Environment, food and rural affairs committee chair Anne McIntosh said the plans would "hurt UK farmers, consumers and our countryside".

The forthcoming changes to the Common Agricultural Policy (CAP) must be more flexible, the Conservative MP argued.

The European Commission said MPs were overstating the impact of its plans.

The Commission wants 30% of farm subsidies to be conditional on whether recipient farms have met certain environmental standards, a policy it has branded "greening" the CAP.

Under the proposals, farmers will need to grow at least three different crops, leave 7% of their land fallow and ensure that permanent pasture is maintained on their land.

Grassland removal

The committee supports the Commission's environmental aims, but argues that member states should be allowed to find their own ways of achieving them, tailored to local circumstances.

Ms McIntosh said: "It is a nonsense to think that farmers from Finland to Sicily should be tied to the same narrow prescriptive rules.
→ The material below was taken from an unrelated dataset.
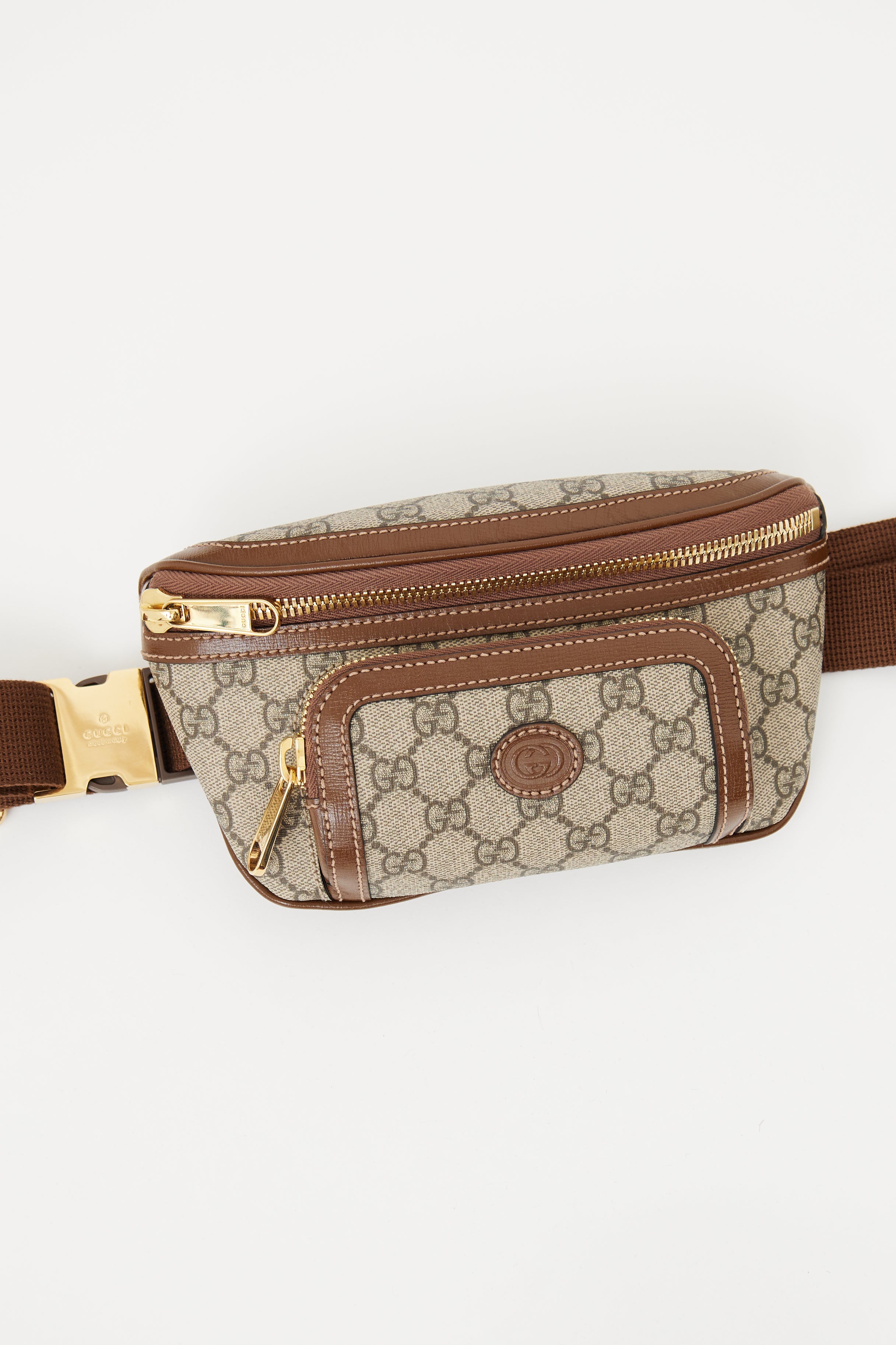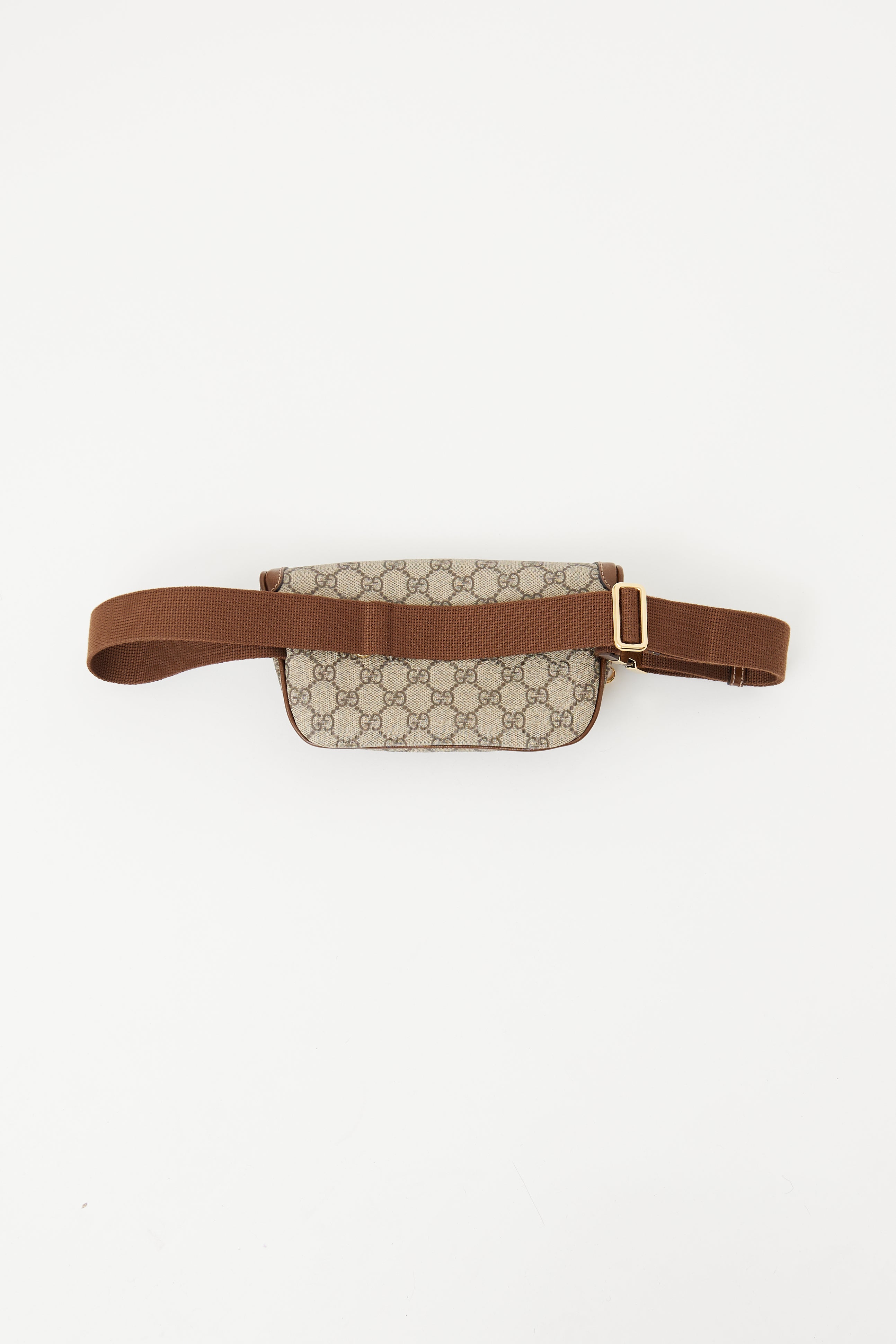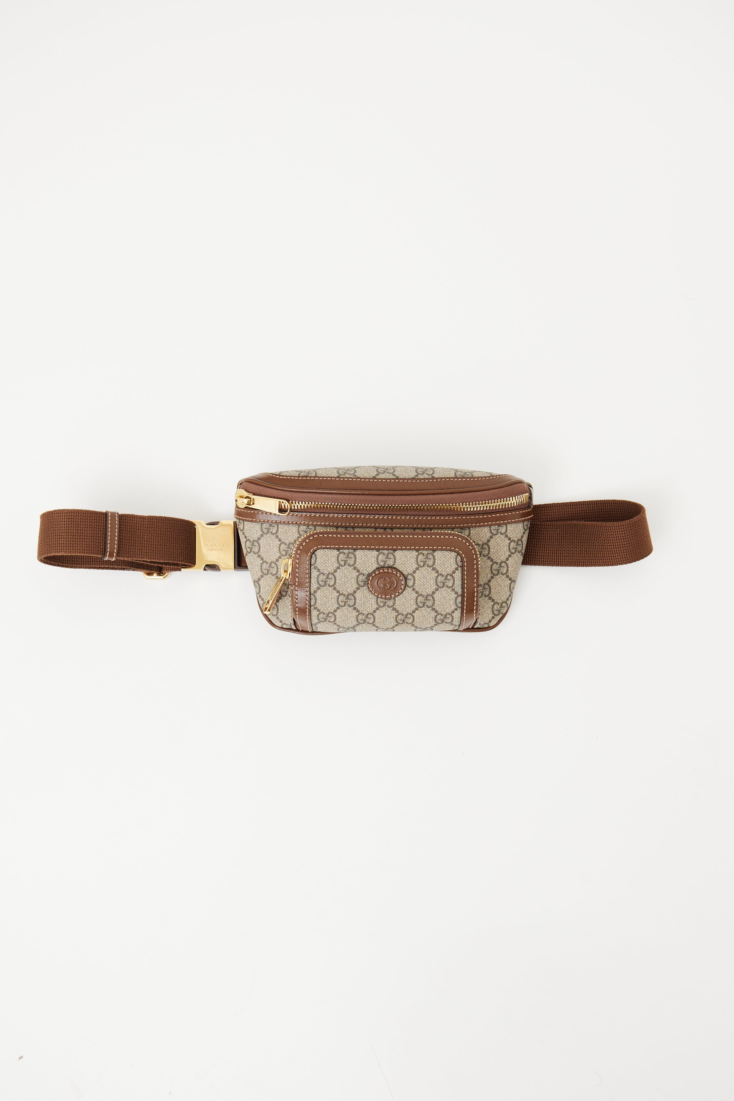 Pre-owned Gucci brown leather and beige monogram belt bag featuring brown leather trim, gold tone hardware, three zip compartments, brown embossed logo at front, brown grosgrain adjustable belt strap with buckle closure.

One-size-fits all regulation cannot work across the range of environments found in Europe."

The proposal to leave 7% of eligible land fallow, in areas to be named "ecological focus areas" (EFAs), had "the greatest potential to deliver significant environmental benefits", the committee's report says.

But it questions how the figure of 7% was reached, and argues that the Commission has provided insufficient detail for MPs to judge whether the benefits would materialise.

If large areas of arable land were to become EFAs, food production in the EU will decline, the report points out, lamenting that the Commission "appears not to have considered food security" as it devised the policy.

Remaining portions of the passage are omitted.